═════ Provided data ═════
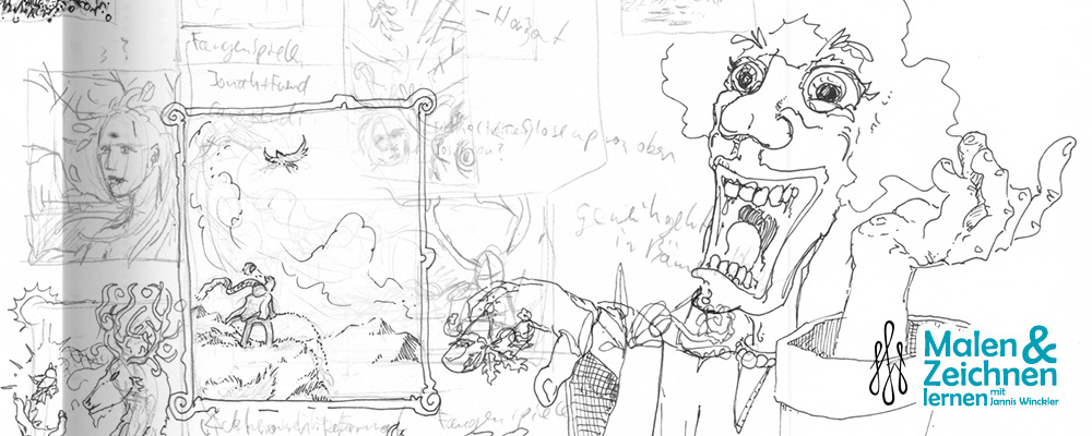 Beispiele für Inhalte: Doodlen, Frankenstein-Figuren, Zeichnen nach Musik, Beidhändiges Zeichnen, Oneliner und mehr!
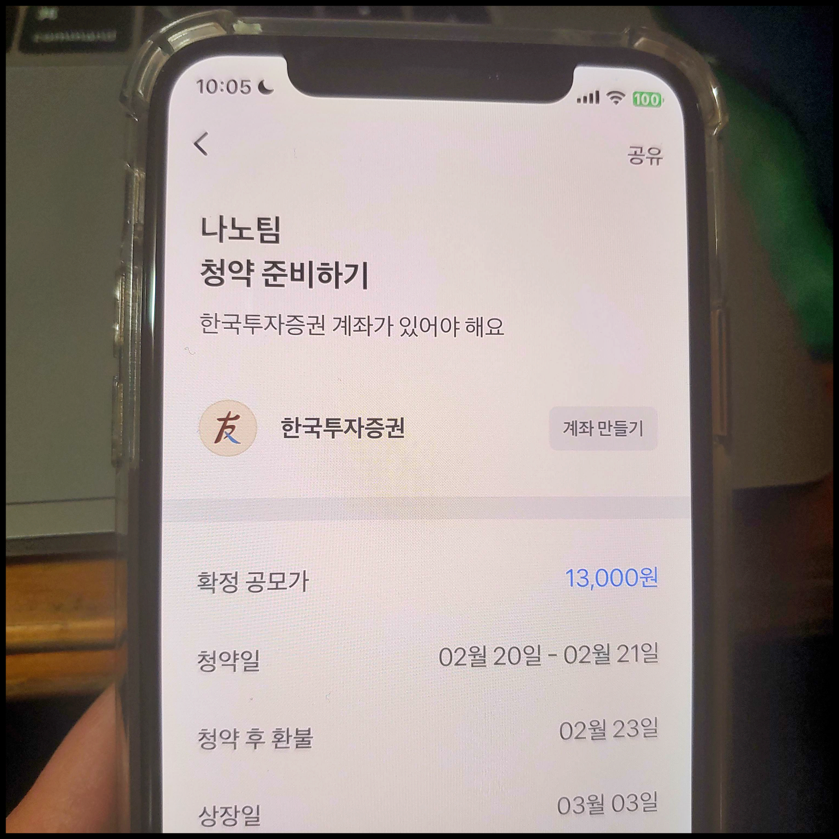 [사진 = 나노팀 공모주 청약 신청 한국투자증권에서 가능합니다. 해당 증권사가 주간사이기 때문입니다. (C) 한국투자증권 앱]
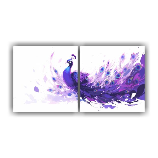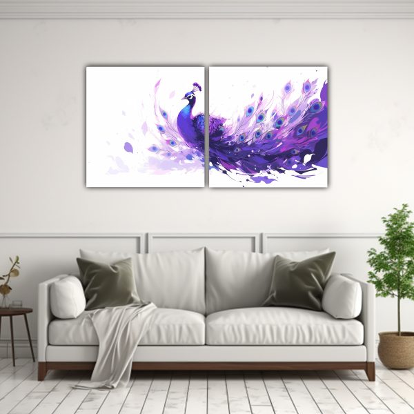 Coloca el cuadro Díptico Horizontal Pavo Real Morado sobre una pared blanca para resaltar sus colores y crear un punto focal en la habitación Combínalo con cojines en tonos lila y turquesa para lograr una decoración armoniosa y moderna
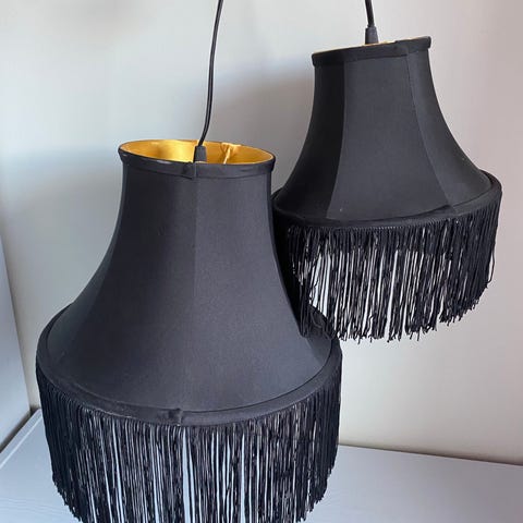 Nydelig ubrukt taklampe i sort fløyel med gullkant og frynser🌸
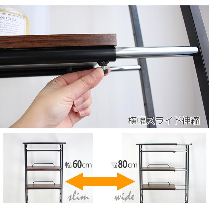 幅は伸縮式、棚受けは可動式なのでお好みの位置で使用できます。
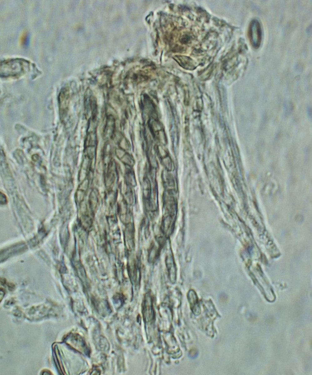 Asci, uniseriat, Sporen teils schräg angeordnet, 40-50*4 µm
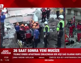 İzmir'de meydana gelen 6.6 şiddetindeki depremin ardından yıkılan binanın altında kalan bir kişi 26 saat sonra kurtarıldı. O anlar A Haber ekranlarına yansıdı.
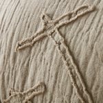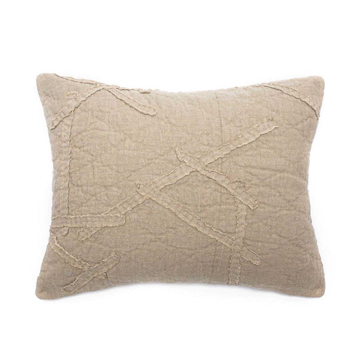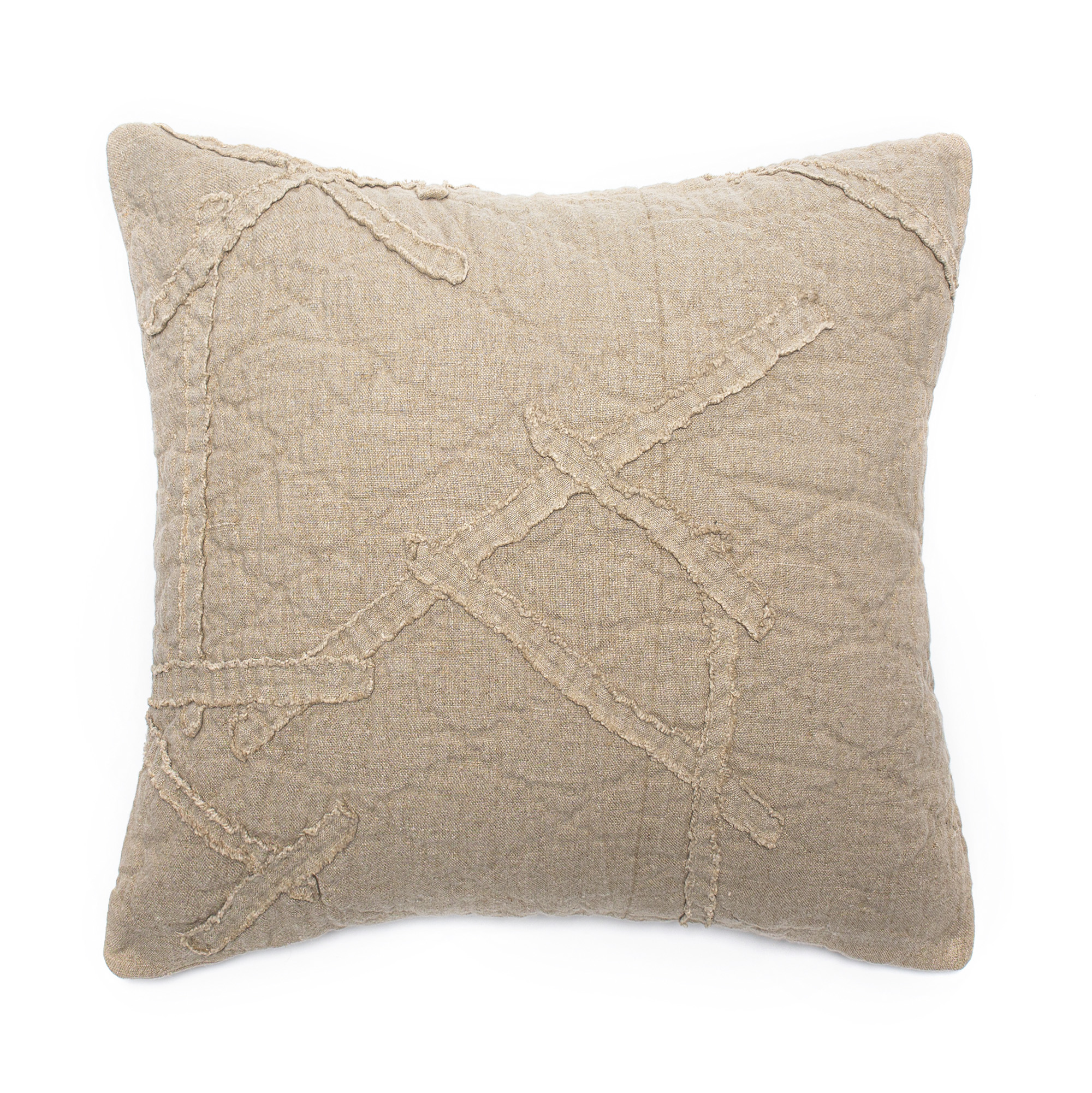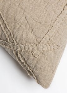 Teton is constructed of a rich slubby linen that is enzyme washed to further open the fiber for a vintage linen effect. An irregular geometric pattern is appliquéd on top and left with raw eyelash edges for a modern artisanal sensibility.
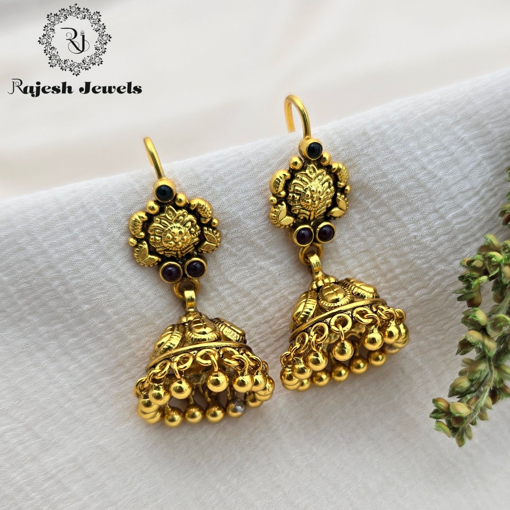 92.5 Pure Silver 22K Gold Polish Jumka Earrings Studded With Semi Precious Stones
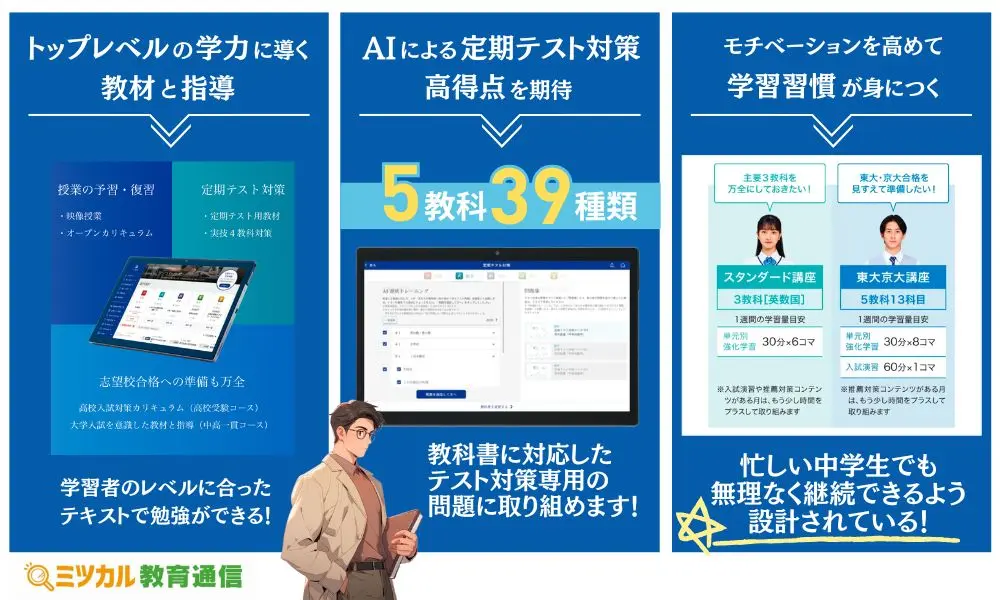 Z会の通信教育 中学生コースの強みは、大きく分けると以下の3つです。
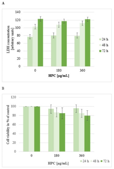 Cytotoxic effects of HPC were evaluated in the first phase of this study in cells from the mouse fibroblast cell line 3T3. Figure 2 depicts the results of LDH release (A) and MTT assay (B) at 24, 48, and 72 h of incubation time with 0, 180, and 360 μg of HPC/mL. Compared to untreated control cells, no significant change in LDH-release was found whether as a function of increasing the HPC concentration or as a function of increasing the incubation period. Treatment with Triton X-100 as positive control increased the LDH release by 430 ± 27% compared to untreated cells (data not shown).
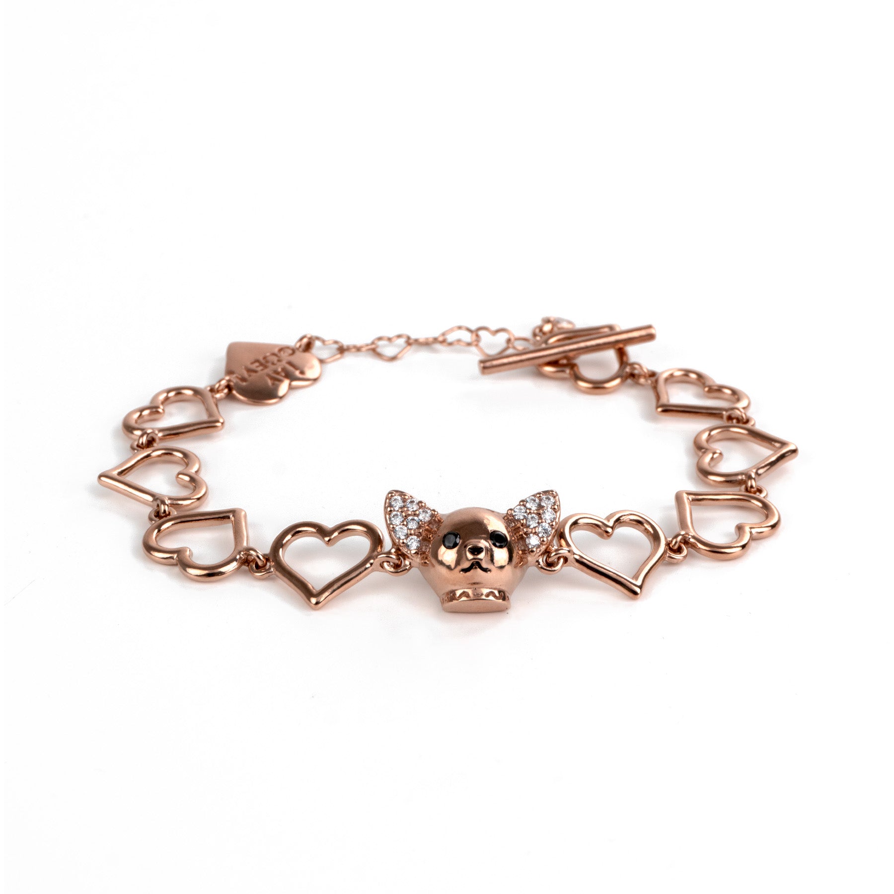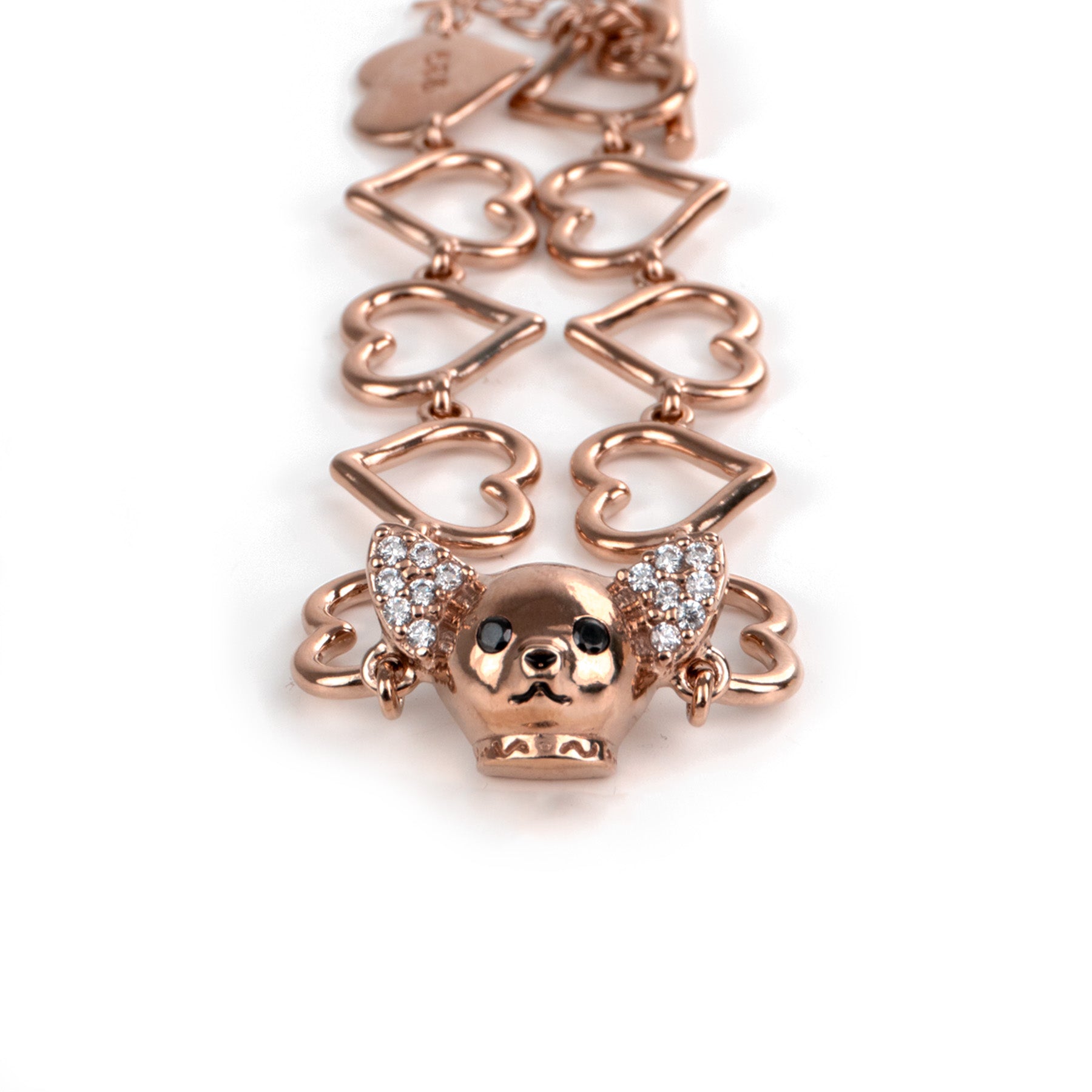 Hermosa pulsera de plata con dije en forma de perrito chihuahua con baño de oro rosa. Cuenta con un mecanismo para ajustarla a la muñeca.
═════
▶ Required action
Your task is to repeat the entries above exactly, omitting the pictures.

▶ Solution for this problem
 Beispiele für Inhalte: Doodlen, Frankenstein-Figuren, Zeichnen nach Musik, Beidhändiges Zeichnen, Oneliner und mehr!
 [사진 = 나노팀 공모주 청약 신청 한국투자증권에서 가능합니다. 해당 증권사가 주간사이기 때문입니다. (C) 한국투자증권 앱]
 Coloca el cuadro Díptico Horizontal Pavo Real Morado sobre una pared blanca para resaltar sus colores y crear un punto focal en la habitación Combínalo con cojines en tonos lila y turquesa para lograr una decoración armoniosa y moderna
 Nydelig ubrukt taklampe i sort fløyel med gullkant og frynser🌸
 幅は伸縮式、棚受けは可動式なのでお好みの位置で使用できます。
 Asci, uniseriat, Sporen teils schräg angeordnet, 40-50*4 µm
 İzmir'de meydana gelen 6.6 şiddetindeki depremin ardından yıkılan binanın altında kalan bir kişi 26 saat sonra kurtarıldı. O anlar A Haber ekranlarına yansıdı.
 Teton is constructed of a rich slubby linen that is enzyme washed to further open the fiber for a vintage linen effect. An irregular geometric pattern is appliquéd on top and left with raw eyelash edges for a modern artisanal sensibility.
 92.5 Pure Silver 22K Gold Polish Jumka Earrings Studded With Semi Precious Stones
 Z会の通信教育 中学生コースの強みは、大きく分けると以下の3つです。
 Cytotoxic effects of HPC were evaluated in the first phase of this study in cells from the mouse fibroblast cell line 3T3. Figure 2 depicts the results of LDH release (A) and MTT assay (B) at 24, 48, and 72 h of incubation time with 0, 180, and 360 μg of HPC/mL. Compared to untreated control cells, no significant change in LDH-release was found whether as a function of increasing the HPC concentration or as a function of increasing the incubation period. Treatment with Triton X-100 as positive control increased the LDH release by 430 ± 27% compared to untreated cells (data not shown).
 Hermosa pulsera de plata con dije en forma de perrito chihuahua con baño de oro rosa. Cuenta con un mecanismo para ajustarla a la muñeca.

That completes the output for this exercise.